Андрей Миронов и Я, стр. 82

– Таня, – подошел однажды ко мне бледный Андрей, – так нельзя поступать и говорить такое нельзя!

Я быстро выяснила в чем дело и поняла, что это низкая интрига завистливого Шармёра.

По коридору гостиницы шагает Субтильная на каблуках, я беру ее за руку и говорю:

– Сейчас идешь со мной!

– Куда?

– Увидишь!

Входим в номер Шармёра. Он лежит под белой простыней. Вечер. На тумбочке – бутылка коньяка и стаканы. У меня внутри бушует смерч. Торнадо. Сажусь рядом. На стульчик в изголовье. Субтильная – у стены в кресле, у торца кровати. В ногах.

– Ты же непорядочный человек, – начинаю я спокойно. – Хоть ты и напялил на себя маску добренького – рога-то проглядывают! Ох, не добренький ты! Возлюбленная твоя – зависть, на какие страшные поступки она тебя толкает! Ты одновременно мудак, Яго и подлец.

Он лежит под белой простыней, как завернутый покойник, и ни одна жила не двигается на его лице.

– Ты не только подлец – ты нравственный шулер! Как же ты Андрея ненавидишь, завидуешь! Это и ежу ясно, спаиваешь его, наушничаешь. У тебя куча ушей на голове (вспомнила я Новый год).

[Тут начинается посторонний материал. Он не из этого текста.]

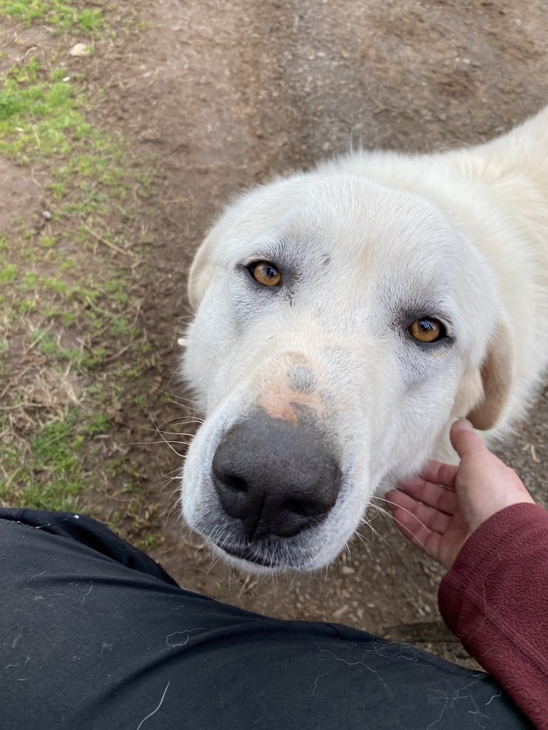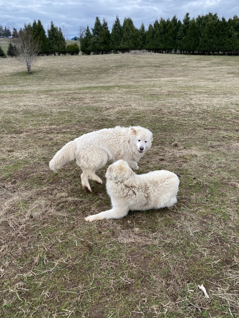 When we finished these morning chores we packed up some hay and grain and headed out to the back pasture to feed the pregnant ewes and see if any lambs had been born overnight. When we got to the gate there was no Regina — one of the guard dogs. We took this as a good sign that she was out in the trees keeping a watchful eye on lambs.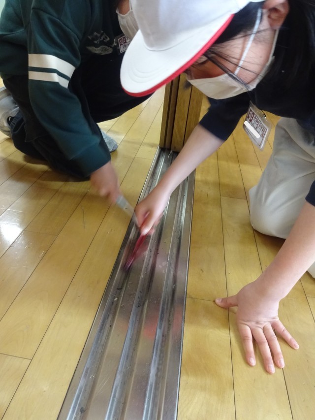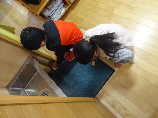 3月18日(水)、大掃除の日です。本当は、計画的に実施する予定だったのですが、インフルエンザの流行により、感染拡大を懸念し控えていました。本日は最初で最後の大掃除です。カメラを持ちながら掃除の様子を見ていると、自分で考えながら掃除しています。普段は手が入らないようなところを念入りに。「校長先生、見て。ここはね、ティッシュを折りたたんで、こうやって拭くと汚れが落ちるんだよ」考えているからこそ、自分の言葉で話すことができます。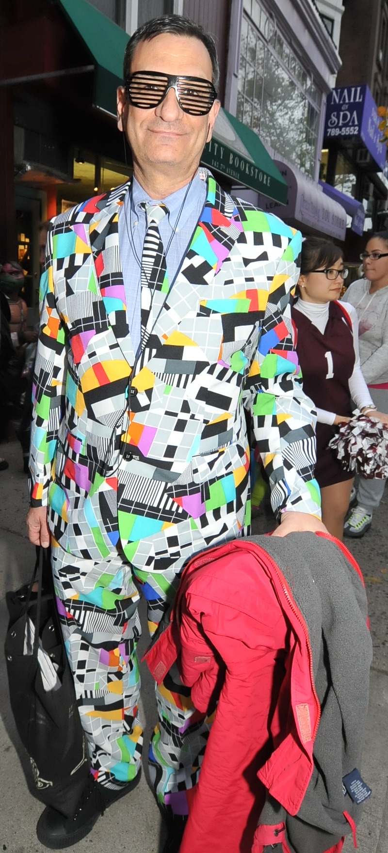 5:20 PM. A "Testival" suit by the brand OppoSuits. He's wearing slatted sunglasses, also known as "shutter shades."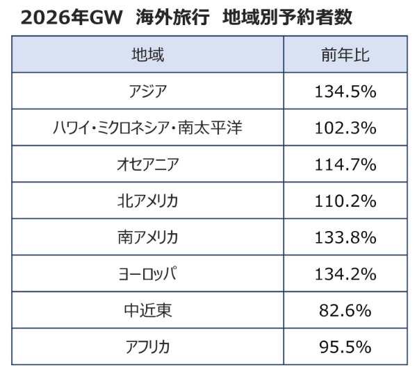 また、長距離路線も好調で、ヨーロッパ地域は前年比134.2%。一方で、中近東地域は前年割れの82.6%。前年のGW時期における中近東地域の予約者数は、全体に占める割合としては3.6%と大きなシェアではない地域ではあったものの、今後の動向は注視する必要があると同社は考察している。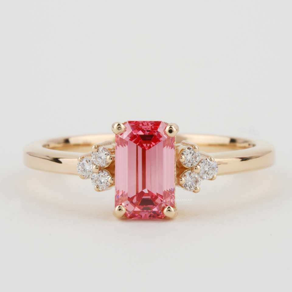 แหวนหมั้นทอง14K ดีไซเนอร์หรูพร้อมด้วยเพชร1CT มรกตและห้องทดลองเจียระไนแบบส่วนตัวสำหรับงานแต่งงาน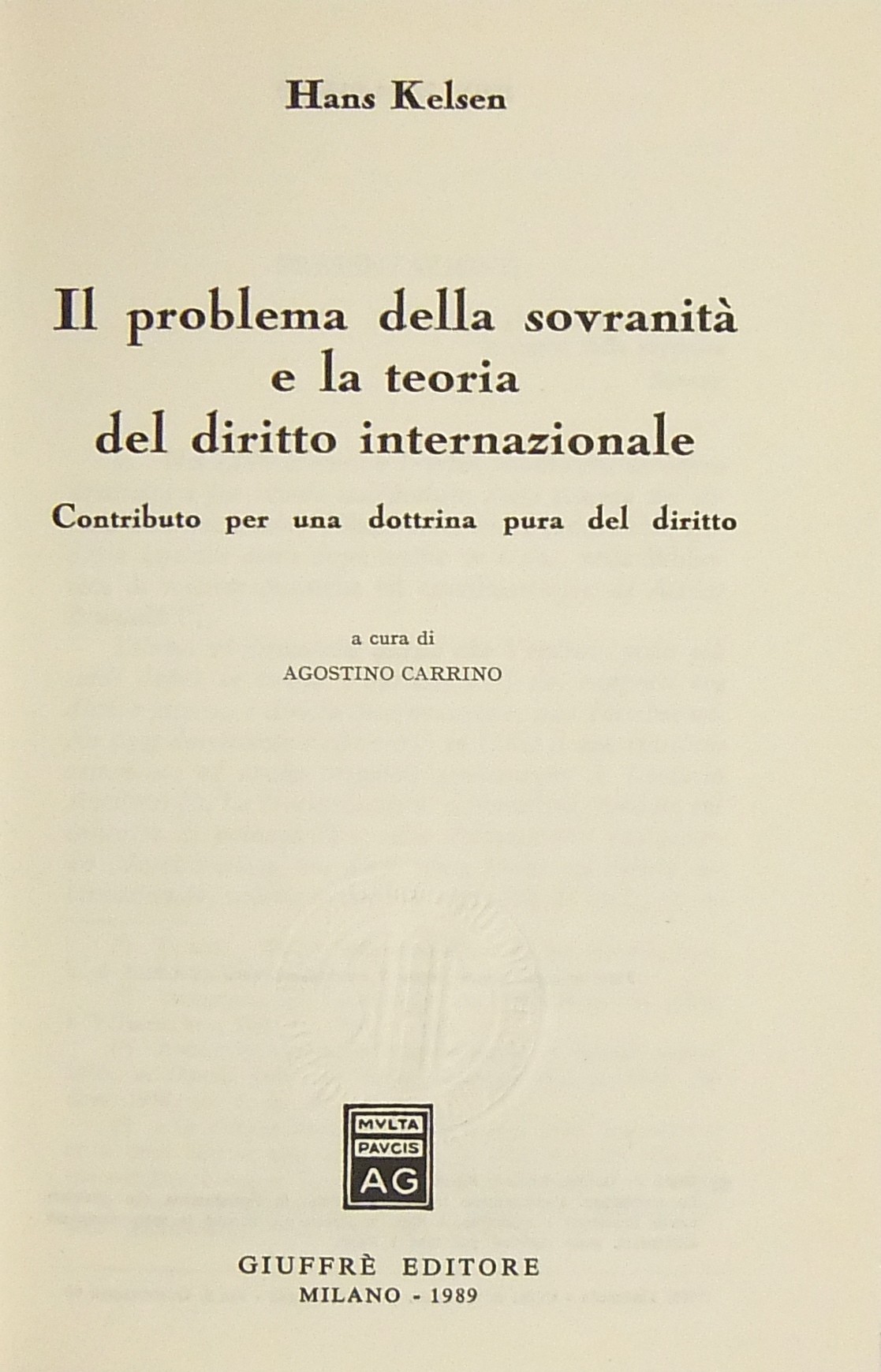 Il problema della sovranità . Contributo per una dottrina pura del diritto. A cura di Agostino Carrino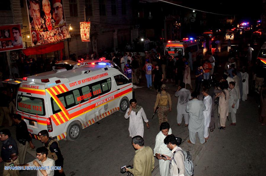 Personas caminan frente a una ambulancia cerca del sitio de una explosión en Peshawar, en el noroeste de Pakistán, el 10 de julio de 2018. (Xinhua/Saeed Ahmad)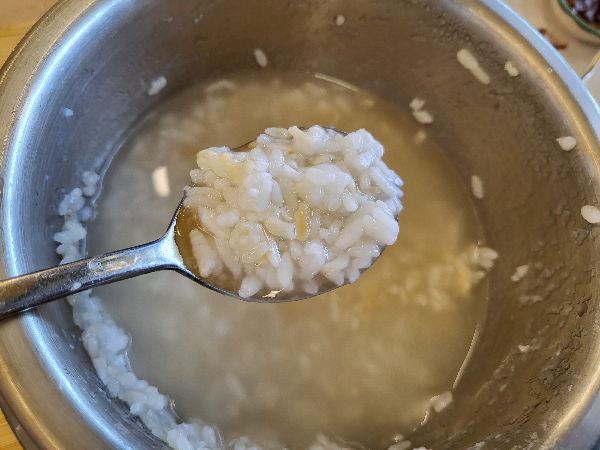 병아리콩과 완두콩이 들어간 따끈하게 갓 지어진 밥에 바삭하게 잘 구워진 생선구이 올려서 한 입, 숭늉으로 마지막 입가심까지 하니 좋은 가격에 맛있는 생선구이를 먹었다는 만족감이 들었으며,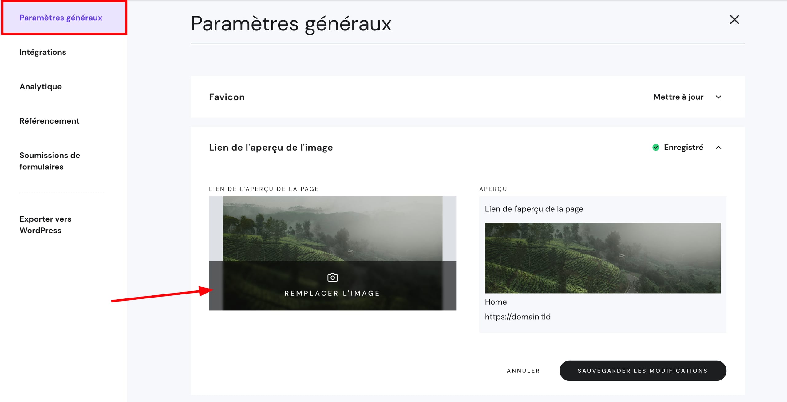 Dans les paramètres généraux du site Web, vous pouvez télécharger une image d’aperçu générale pour votre site Web. Cliquez sur Ajouter une image ou Remplacer l’image et téléchargez votre fichier :
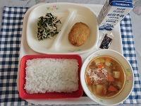 今日はみなさんに人気のカレーが出ました。豚肉を使って・玉ねぎ・人参・じゃがいもと一緒に炒めてじっくりと煮込みました。豚肉には、みなさんが成長するために必要なたんぱく質を豊富に含んでいます。また、スタミナ効果があるビタミンB1が多く含まれています。給食のカレーは、たくさんの量を作るので、家庭とは違ったおいしさがあります。今日も、みなさんおいしそうに食べていました。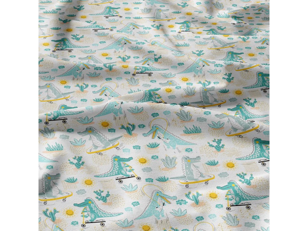 Dětská bavlněná látka metráž Veselé krokodýli Modré na Bílém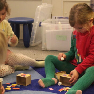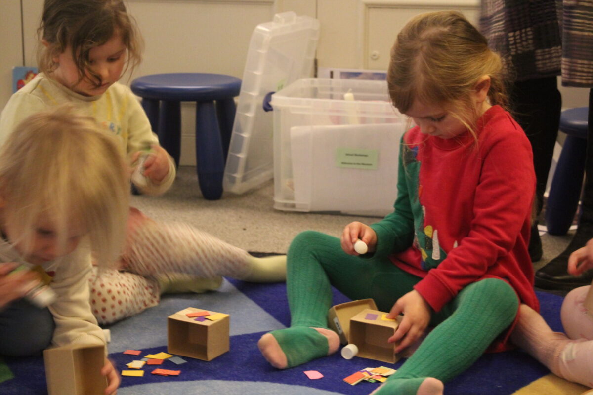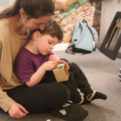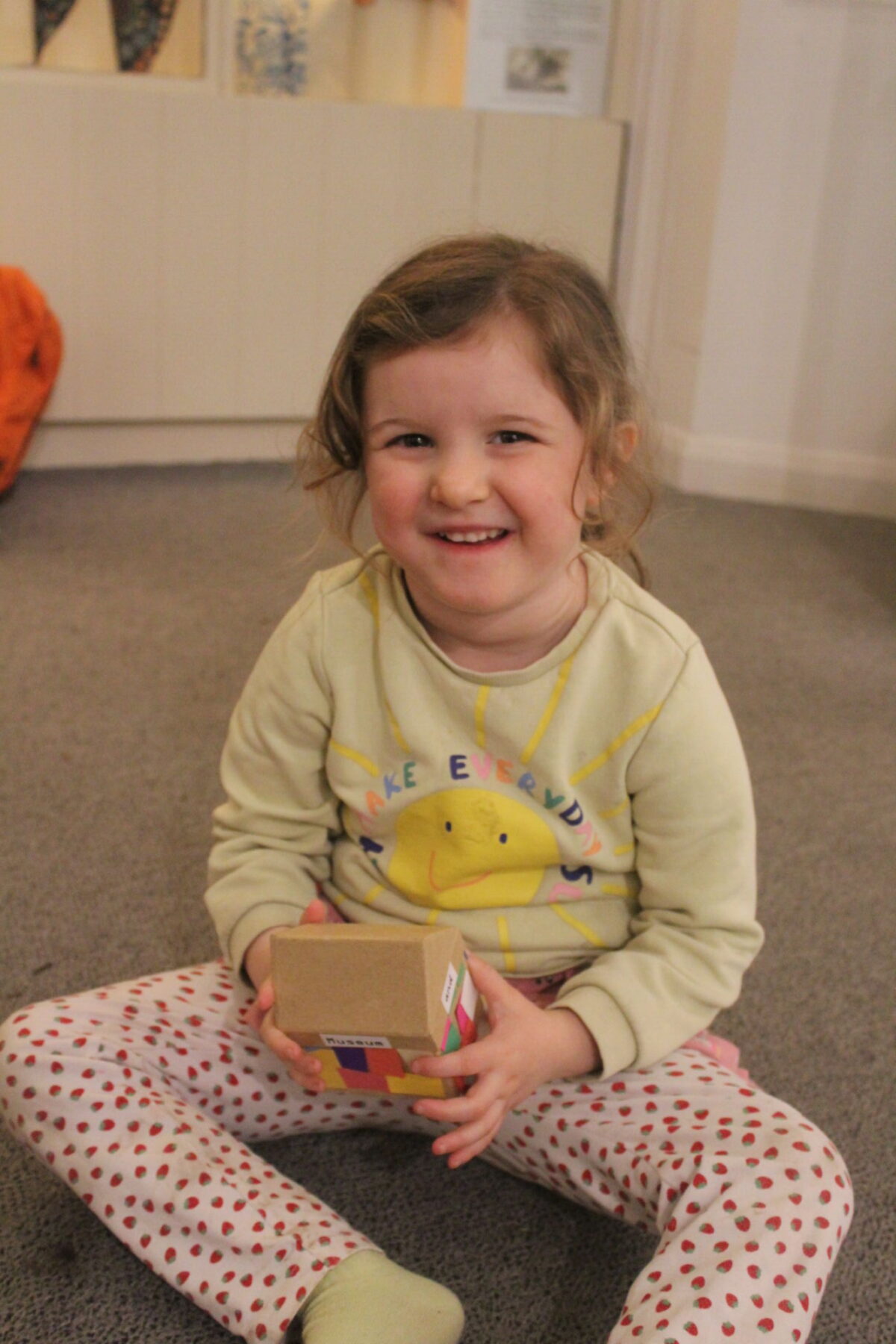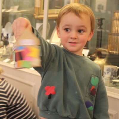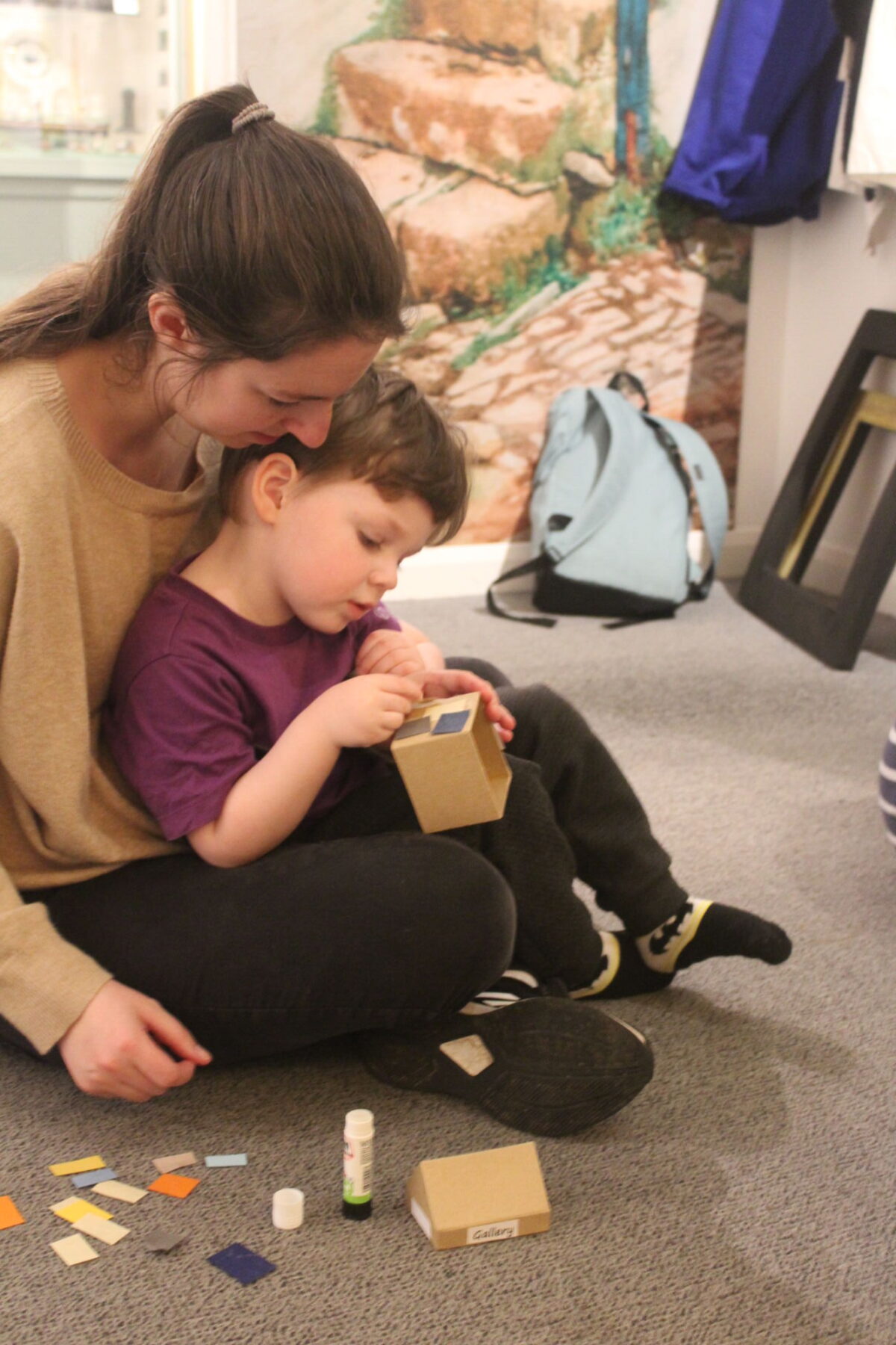 Our last activity was to create our own mini museum! The children loved this activity. Katie and Jo had prepared the activity so that the children each had their own named museum and a selection of decorations to create a mosaic pattern on the outside of their mini building. They were then able to choose two paintings to ‘hang’ inside their museum and they chose their favourite paintings from the museum. Everyone got stuck in with their crafting and looked ever so proud of their creations!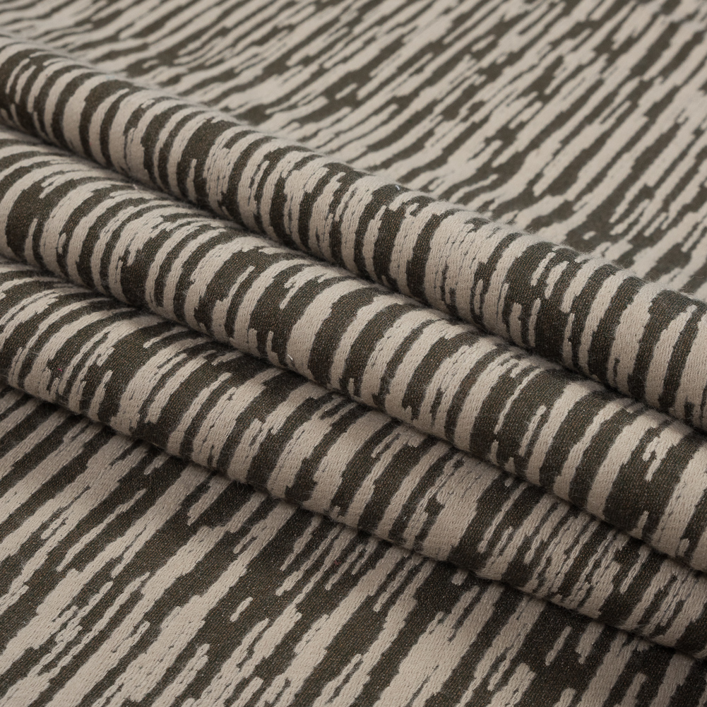 Beige and Olive Striated Wool Jacquard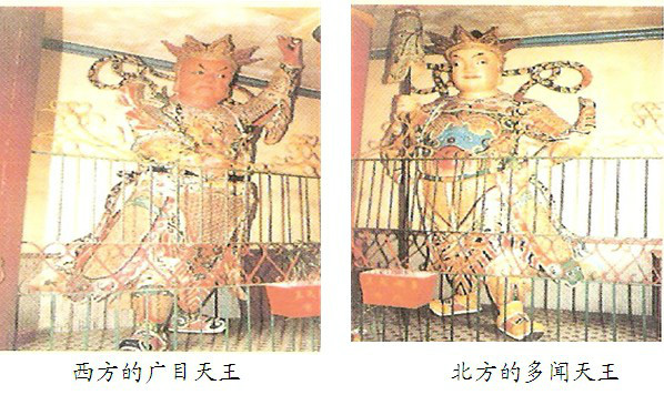 (2)四天王——又名四大金刚,分立在弥勒菩萨的两旁,他们都是护法神,护持东南西北大部洲(四大天下)。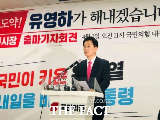 [더팩트ㅣ대구=박성원 기자] 박근혜 전 대통령의 법률대리인인 유영하 변호사가 1일 오전 국민의힘 대구시당에서 대구시장 출마를 선언했다.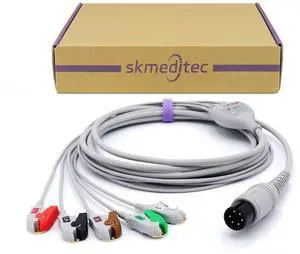 11FT 5 Lead Pinch AHA Cable Compatible with AAMI and Most Monitors, Cord with 6 Pins Connector, 1kRES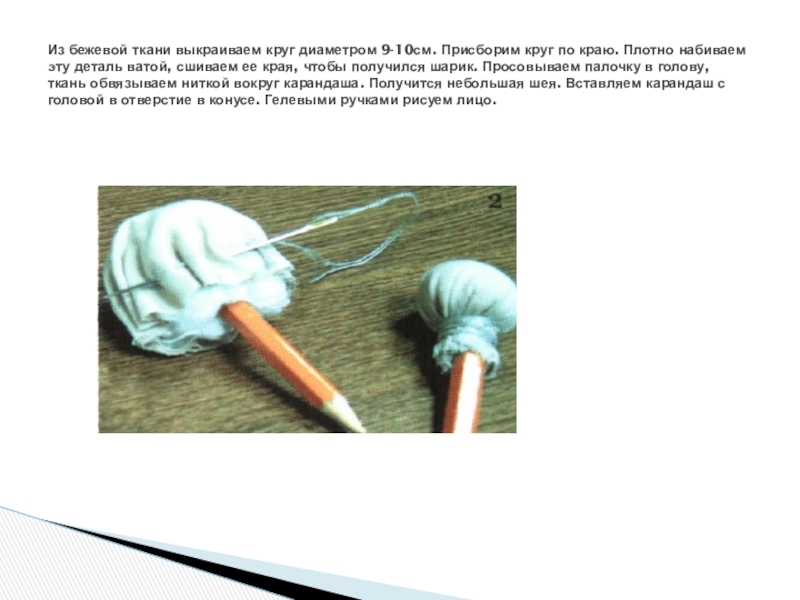 Плотно набиваем эту деталь ватой, сшиваем ее края, чтобы получился шарик. Просовываем палочку в голову, ткань обвязываем ниткой вокруг карандаша. Получится небольшая шея. Вставляем карандаш с головой в отверстие в конусе. Гелевыми ручками рисуем лицо.

Субтильная на нервной почве беспрерывно моргает глазами – у нее тик.

– В общем, диагноз, – продолжаю я, – мерзавец студенистый!

Шармёр не шевелится. Я подхожу к столу, беру с него большую вазу с цветами и швыряю в открытую балконную дверь на улицу. Сажусь на стульчик. Он не реагирует. Стук в дверь. Дворник:

– Это из вашего номера сейчас ваза вылетела?

– Да вы что? – отвечаю я. – У нас тут больной, мы его навещаем.

Дворник уходит. Тогда я предлагаю:

– Давай выпьем! За др-р-р-р-ужбу, по анпёшечке! Ты же любишь коньячок! – И наливаю нам по полстакана коньяка.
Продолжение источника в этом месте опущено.